Цитата сообщения Эльвин
Одинокая умница Нина Берберова.
Почти 90-летняя женщина с полными живости узко разрезанными глазами, с милым, чуть обезьяньим личиком, нисколько не потерявшим обаяния из-за сетки морщин, молодо пружиня на стройных ногах, легко поднялась на сцену и дала двухчасовой урок словесного фехтования в грациозном стиле петербургских и парижских эмигрантских салонов перед залом, где, казалось, все искрило от энтузиазма первых лет перестройки (это была Москва 1989 года).
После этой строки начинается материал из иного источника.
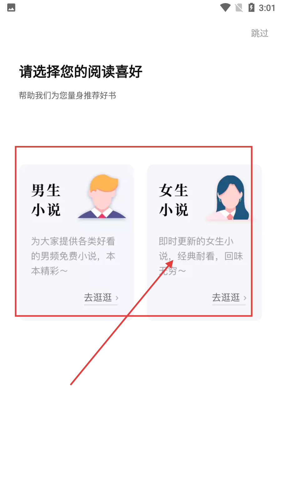 1、進入軟件后,可選擇【男生小說】或【女生小說】分類,點擊“去逛逛”進入對應(yīng)小說專區(qū)。
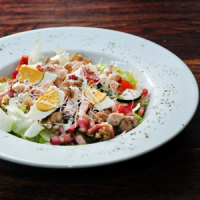 saláta, csirkemell, bacon, főtt tojás, paradicsom, parmezán, dijoni mustáros öntet

Мог ли вообразить такой победный приезд на родину дочери-эмигрантки, в жилах которой причудливо смешалась татарская, армянская и русская кровь, ее отец, чиновник по особым поручениям при последнем министре финансов царского правительства? Его лицо было знакомо нашему поколению, ибо в середине 30-х годов на Невском этого чудом уцелевшего «контрика», живущего в бедности, но законсервировавшего себя посреди грохота первых пятилеток, в накрахмаленной плиссированной белой сорочке с протертинками на воротнике и в лоснящемся от глажек сюртучке, да еще с дореволюционной бородкой, схватил за руку, но, к счастью, не агент НКВД, а режиссер Григорий Козинцев, искавший типажей на роли «осколков проклятого прошлого» в кинофильме про Максима, назначенного революцией на должность директора банка. Отца Берберовой даже гримировать не надо было для проб на роль бывшего директора банка, саботирующего благородные задачи революции.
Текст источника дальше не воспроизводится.